The required output is the exact text of the lines from the line containing "The Albany II" through the final line below, inclusive, without pictures.
---- Extracted information
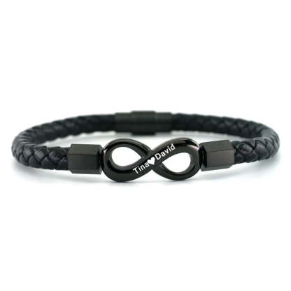 For Husband Personalized 2 Names Infinity Leather Bracelet
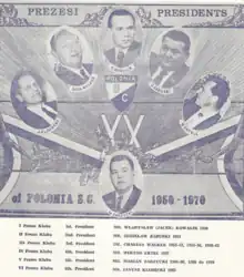 The highlight era in the club's history, were the early 1960s. In the season of 1960 and 1961 Polonia won back to back State League Championship, and becoming 1961 Dockerty Cup Winners beating George Cross 4:2 in the Final on 7 October, at Olympic Park with goals from Zygmund Gross, Zdzislaw Maruszkiewicz and a brace from Mieczyslaw Jurecki. This most successful side in the club's history also won the prestige "World Cup" tournament. Some of the most influential players of that time were; Mieczyslaw Jurecki, Wieslaw Janczyk, Wieslaw Gamaj, Zdzislaw Maruszkiewicz, Jerzy Dudon, Charlie Morks, Marian Gasior, Remo Guardiani, Ryszard Szczepanski, Roch Dronia, Kazimierz Szygalski, Zygmunt Gross, Henryk Gronowski, Ference Voros. President of Polonia SC at that time was Dr. Charles Walker. Our club also had representatives at international level. Players that had the honor to represent the Australian national team were George Pittoni, Lolly Vella and Robert Wemyss. Mieczyslaw Jurecki and Kazimierz Kowalec had the opportunity to play in the Australian "B" team.[3] There was a number of players that were Poland's national team representatives ; Wieslaw Janczyk, Edward Jankowski, Zygmunt Gadecki, Norbert Gajda, Henryk and Robert Gronowski, Mieczyslaw Jurecki, Edmund Zientara.
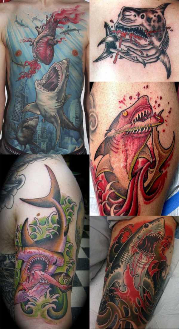 Но татуировки с акулами могут быть разных видов: спокойно плы
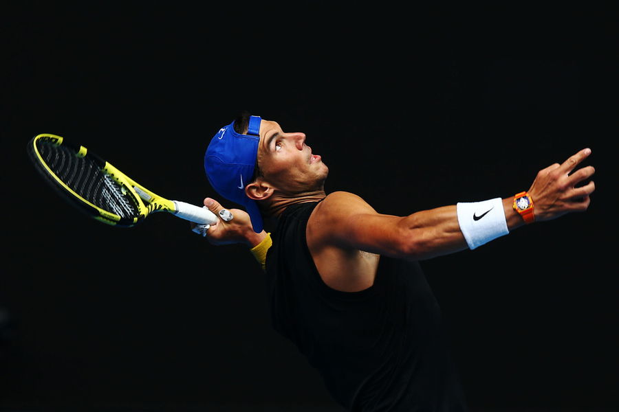 Rafael Nadal of Spain serves during a practice session ahead of the 2019 Australian Open at Melbourne Park on January 10, 2019 in Melbourne, Australia. (Photo by Michael Dodge/Getty Images)
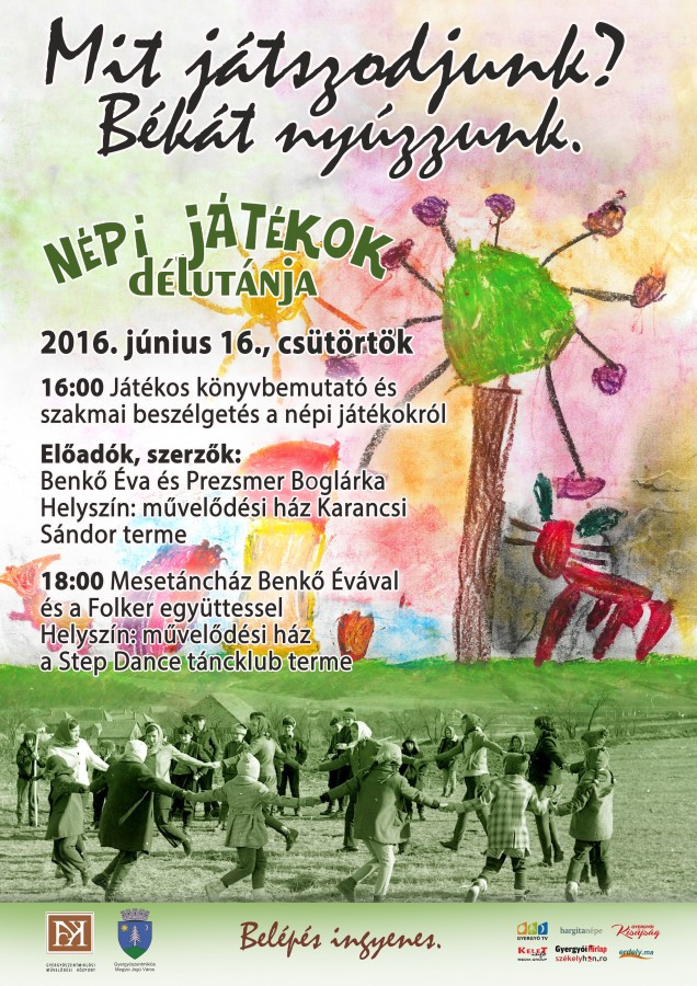 Benkő Áva és Prezsmer Boglárka tart játékos könyvbemutatót és szakmai beszélgetést a népi játékokról 2016. június 16., csütörtökön 16:00 órától a gyergyószentmiklósi művelődési ház Karancsi Sándor termében.
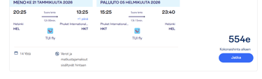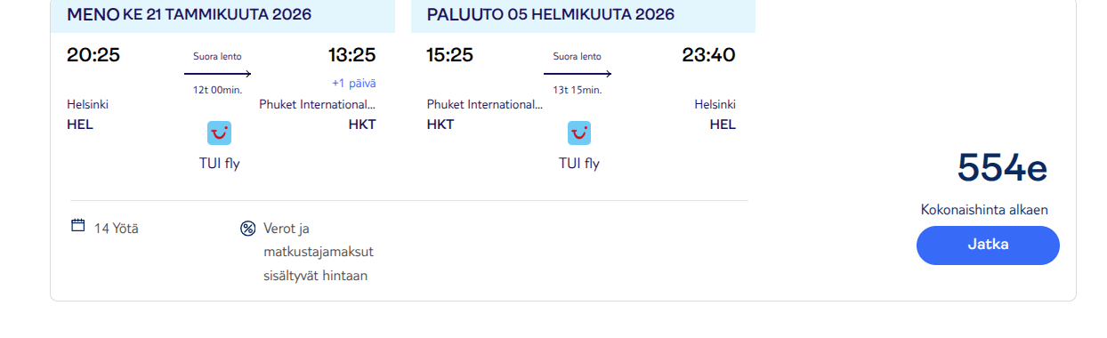 Tui lentää suorilla meno-paluu lennoilla Phuketiin ja Krabille alkaen 554e.
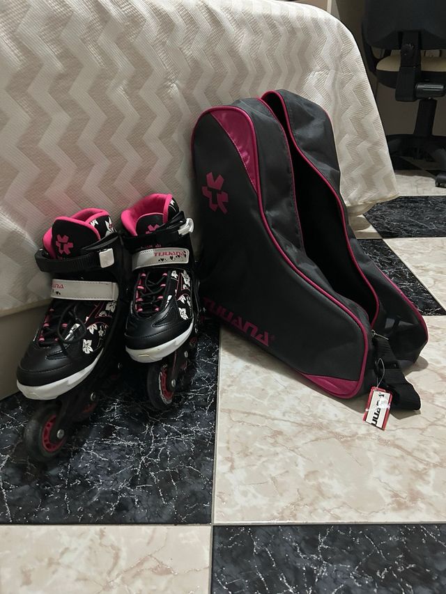 Detalles del productoSet de patines de línea negros con detalles rosas, perfectos para deslizarte con estilo. Incluye una bolsa de transporte a juego.
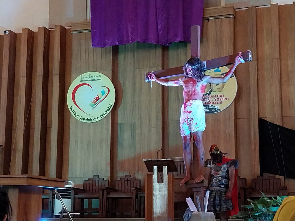 Palembang – Dramatisasi (Tablo) Kisah Sengsara Yesus Kristus menjadi tonggak kebangkitan Orang Muda Katolik (OMK) Paroki Santo Yoseph Palembang, Jumat 3 April 2026. Sebanyak 40 anggota OMK dari Wilayah 1 sampai 13 bersama Mahasiswa Musi Charitas kolaborasi bersama untuk memberikan penampilan terbaiknya dalam penampilan Tablo pukul 09.00 Wib di Gereja Santo Yoseph Palembang.
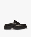 The Albany II Mule Penny Loafers in polished black leather is a modern mule design. Crafted in smooth polished leather with a rounded toe and our signature penny loafer detailing. Equal parts effortless and refined these women's mules deliver comfort from the first step thanks to the cushioned insole. The lightweight design and chunky rubber sole make them both practical and stylish, while a low block heel adds just the right amount of lift. Perfect for the office or nights out. Style them with everything from tailored trousers, relaxed denims to classic black dresses.
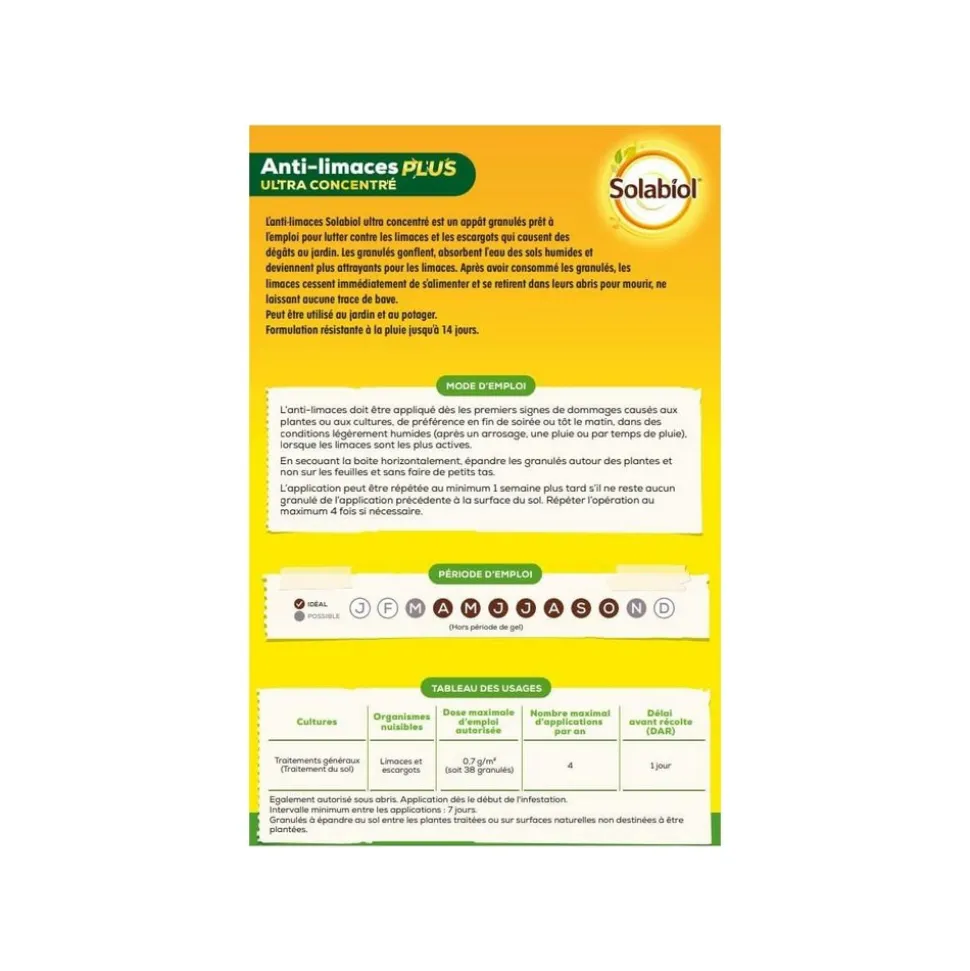 -L&rsquoanti-limaces Ultra concentré Solabiol est un appât granulé prêt à l&rsquoemploi nouvelle génération. Plus concentré il permet de couvrir une surface plus importante.
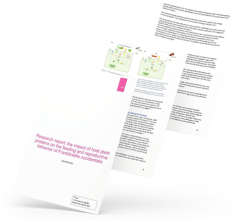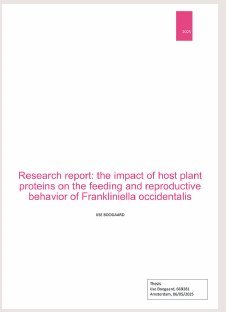 Titel: Research report: the impact of host plant proteins on the feeding and reproductive behavior of Frankliniella occidentalis Auteur: IJse Boogaard
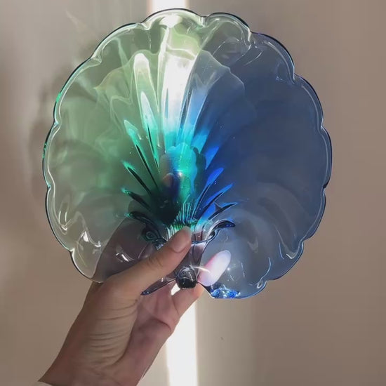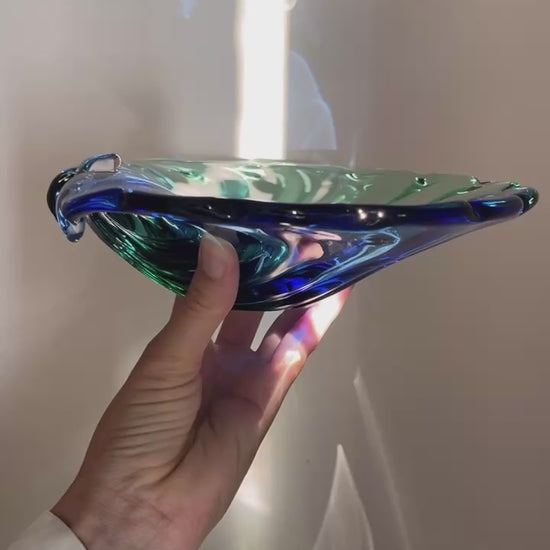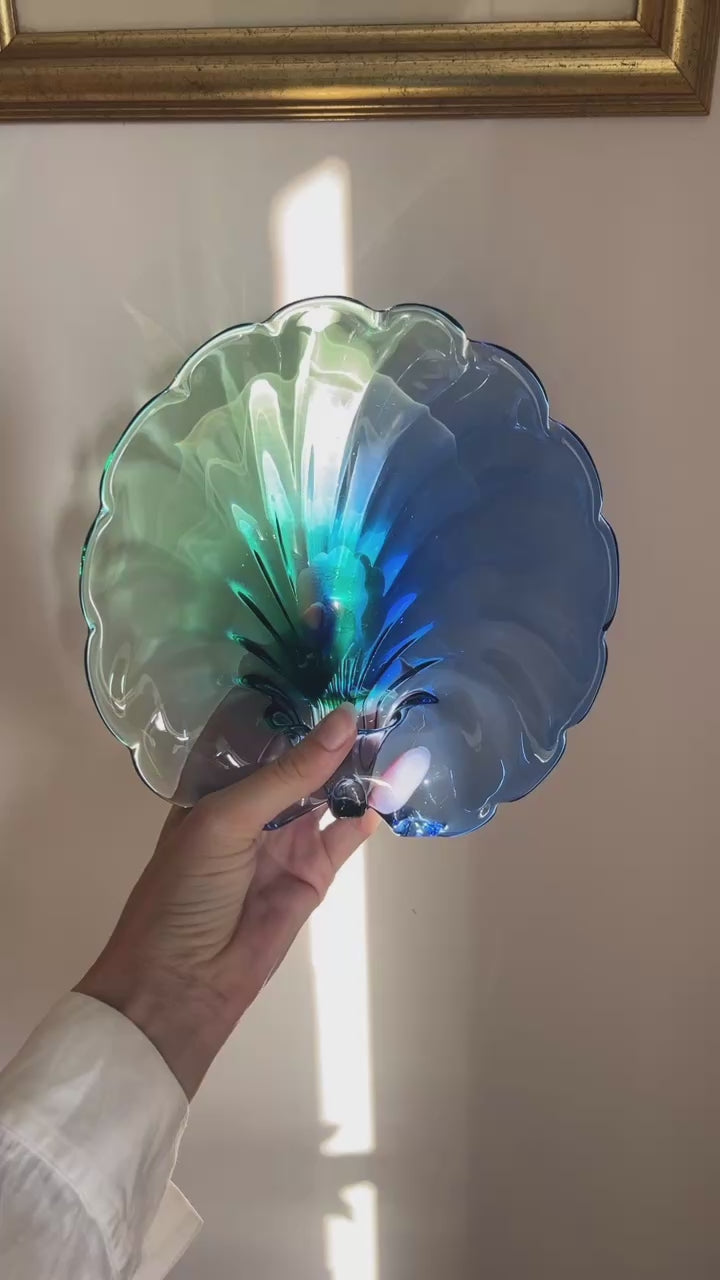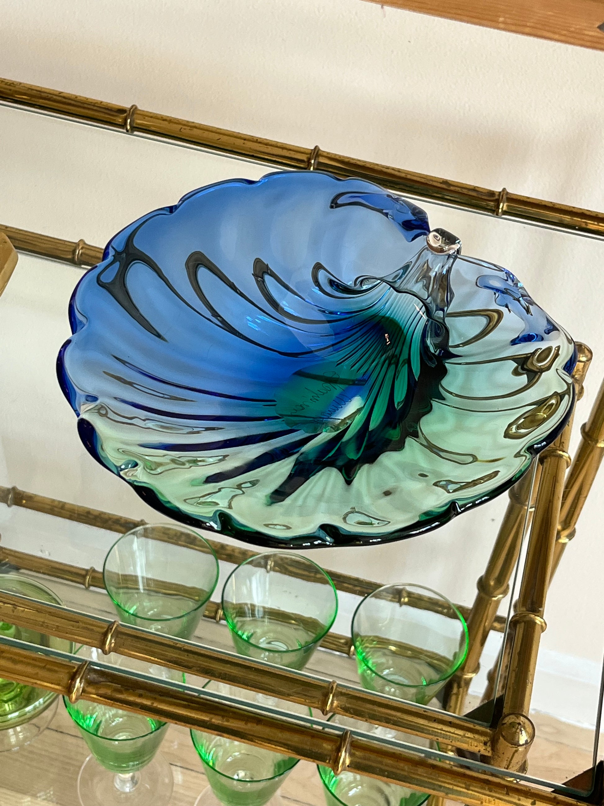 Unik Murano skål, formet som musling i grønt og blåt glas. Perfekt stand. Signeret af kunstner Gianni Barbican. Fra ca 1970’erne.
--------
# Your response:
 The Albany II Mule Penny Loafers in polished black leather is a modern mule design. Crafted in smooth polished leather with a rounded toe and our signature penny loafer detailing. Equal parts effortless and refined these women's mules deliver comfort from the first step thanks to the cushioned insole. The lightweight design and chunky rubber sole make them both practical and stylish, while a low block heel adds just the right amount of lift. Perfect for the office or nights out. Style them with everything from tailored trousers, relaxed denims to classic black dresses.
 -L&rsquoanti-limaces Ultra concentré Solabiol est un appât granulé prêt à l&rsquoemploi nouvelle génération. Plus concentré il permet de couvrir une surface plus importante.
 Titel: Research report: the impact of host plant proteins on the feeding and reproductive behavior of Frankliniella occidentalis Auteur: IJse Boogaard
 Unik Murano skål, formet som musling i grønt og blåt glas. Perfekt stand. Signeret af kunstner Gianni Barbican. Fra ca 1970’erne.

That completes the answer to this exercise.